What is required: Look below for the line containing "广播电视学专业的杨洋学姐的实"; from there, print each line exactly up to and including the line containing "De ModernHome-stoelenset valt", and stop.

Source information:

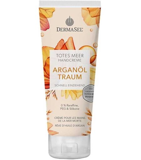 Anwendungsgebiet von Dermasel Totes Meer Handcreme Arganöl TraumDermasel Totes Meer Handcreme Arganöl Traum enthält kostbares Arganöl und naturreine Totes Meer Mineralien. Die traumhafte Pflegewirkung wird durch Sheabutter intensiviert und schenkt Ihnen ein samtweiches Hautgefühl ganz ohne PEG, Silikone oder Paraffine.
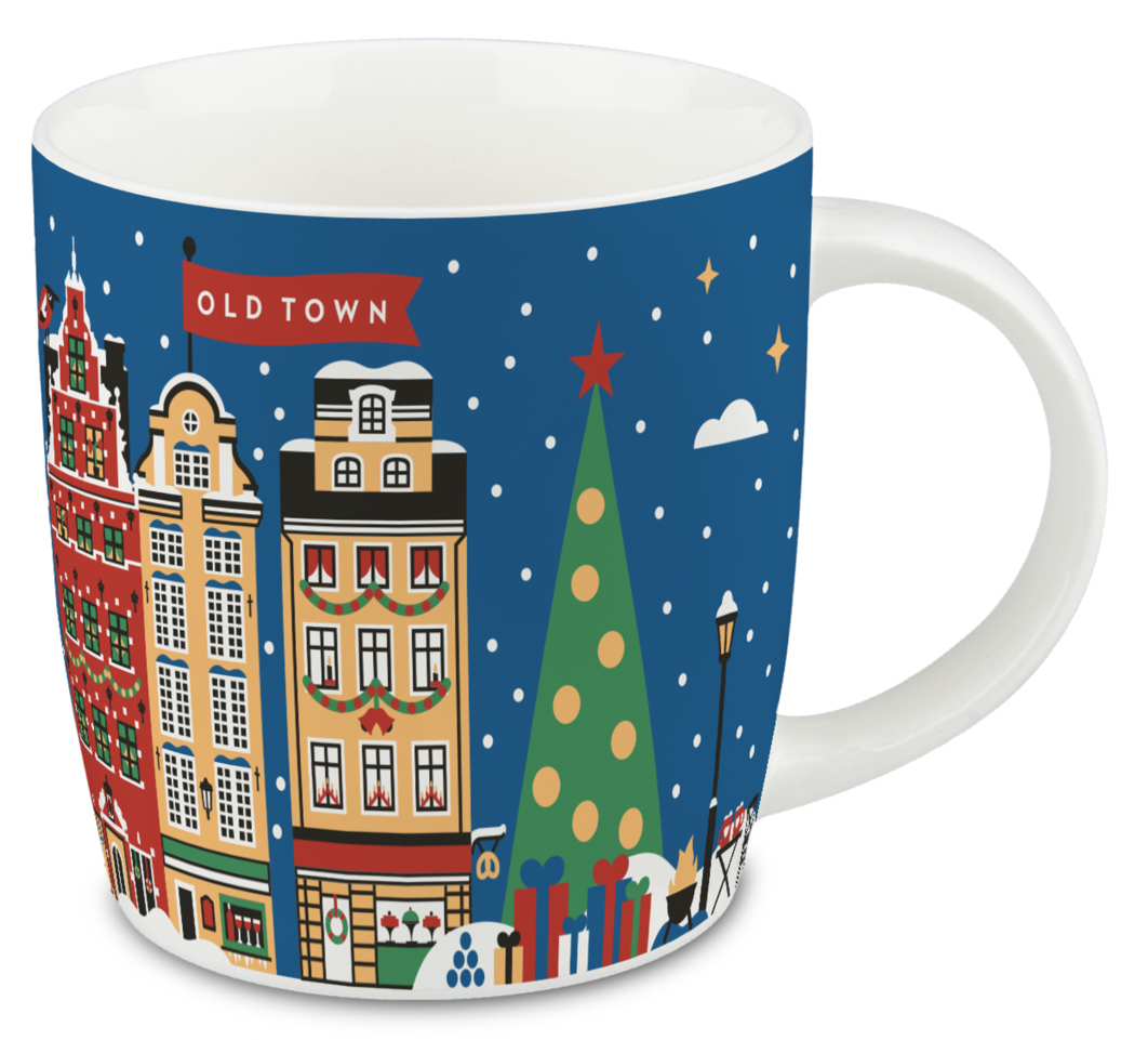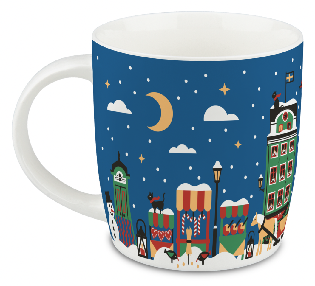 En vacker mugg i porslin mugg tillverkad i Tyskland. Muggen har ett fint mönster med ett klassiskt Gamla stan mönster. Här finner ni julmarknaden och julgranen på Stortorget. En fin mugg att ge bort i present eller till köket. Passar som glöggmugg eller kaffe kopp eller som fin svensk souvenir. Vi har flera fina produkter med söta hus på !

---

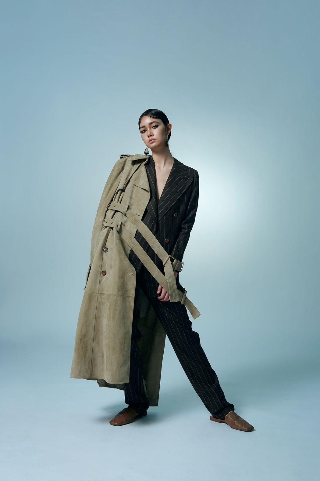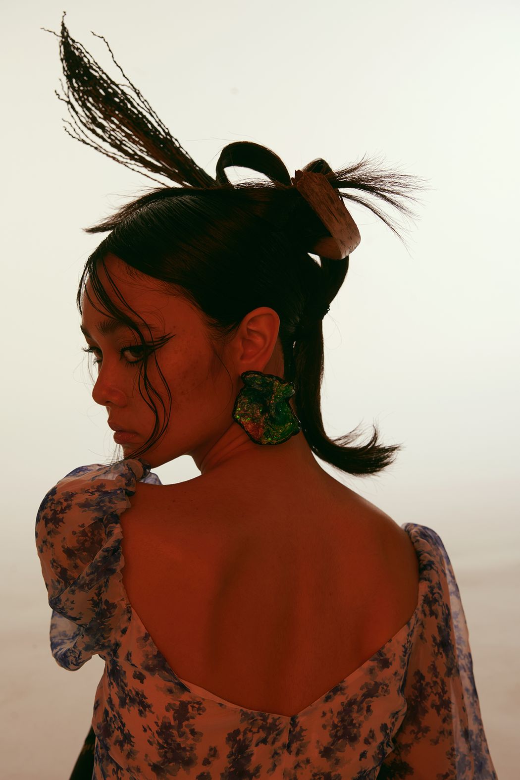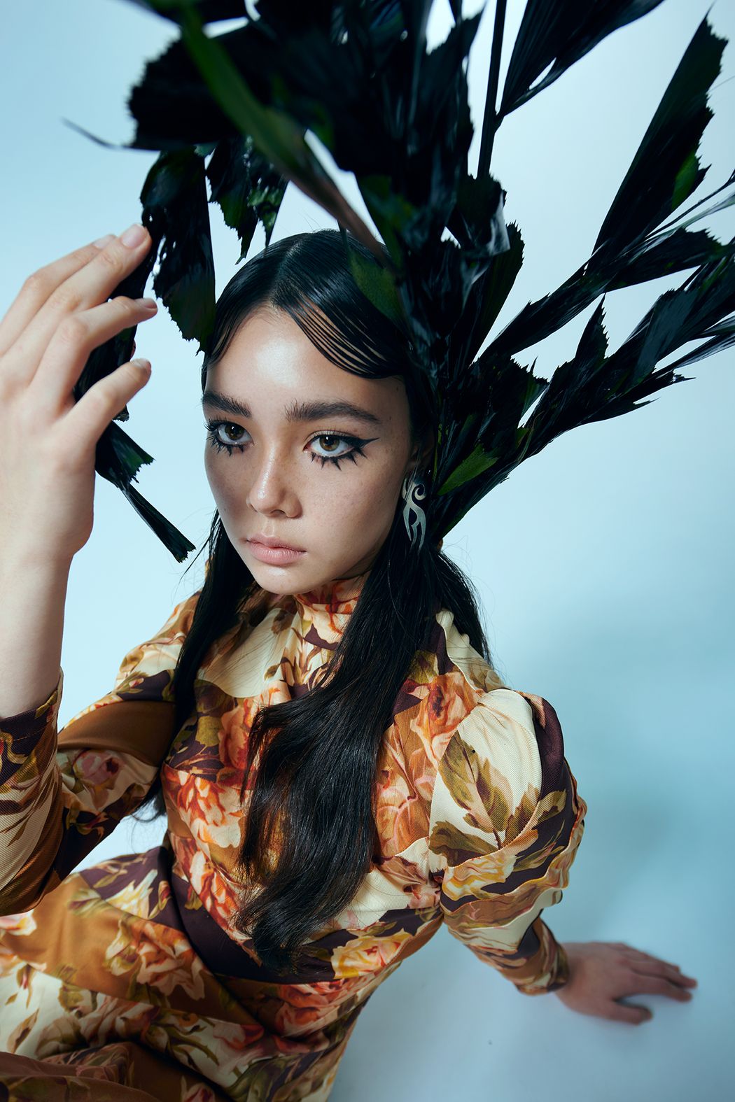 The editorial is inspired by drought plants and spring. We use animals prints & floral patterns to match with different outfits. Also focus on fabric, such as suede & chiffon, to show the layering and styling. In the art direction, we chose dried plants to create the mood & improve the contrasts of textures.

==

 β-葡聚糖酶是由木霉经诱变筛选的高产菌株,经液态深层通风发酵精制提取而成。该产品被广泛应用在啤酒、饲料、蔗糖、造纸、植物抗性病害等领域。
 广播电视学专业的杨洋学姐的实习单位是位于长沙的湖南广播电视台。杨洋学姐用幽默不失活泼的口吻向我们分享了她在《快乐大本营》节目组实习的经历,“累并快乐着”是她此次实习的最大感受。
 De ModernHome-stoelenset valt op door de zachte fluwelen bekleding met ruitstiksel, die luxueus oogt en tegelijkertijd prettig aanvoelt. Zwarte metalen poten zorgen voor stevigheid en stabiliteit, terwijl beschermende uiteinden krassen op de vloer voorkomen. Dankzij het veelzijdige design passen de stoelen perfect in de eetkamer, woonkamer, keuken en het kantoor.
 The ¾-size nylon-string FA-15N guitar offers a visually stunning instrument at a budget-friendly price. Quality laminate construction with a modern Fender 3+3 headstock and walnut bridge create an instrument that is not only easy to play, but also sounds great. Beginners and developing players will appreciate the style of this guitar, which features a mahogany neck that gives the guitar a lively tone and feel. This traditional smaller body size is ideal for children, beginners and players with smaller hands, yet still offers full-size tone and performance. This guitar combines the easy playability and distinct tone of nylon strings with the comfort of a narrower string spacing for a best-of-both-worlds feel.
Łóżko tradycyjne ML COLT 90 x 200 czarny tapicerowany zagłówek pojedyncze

Reply to the task:
 广播电视学专业的杨洋学姐的实习单位是位于长沙的湖南广播电视台。杨洋学姐用幽默不失活泼的口吻向我们分享了她在《快乐大本营》节目组实习的经历,“累并快乐着”是她此次实习的最大感受。
 De ModernHome-stoelenset valt op door de zachte fluwelen bekleding met ruitstiksel, die luxueus oogt en tegelijkertijd prettig aanvoelt. Zwarte metalen poten zorgen voor stevigheid en stabiliteit, terwijl beschermende uiteinden krassen op de vloer voorkomen. Dankzij het veelzijdige design passen de stoelen perfect in de eetkamer, woonkamer, keuken en het kantoor.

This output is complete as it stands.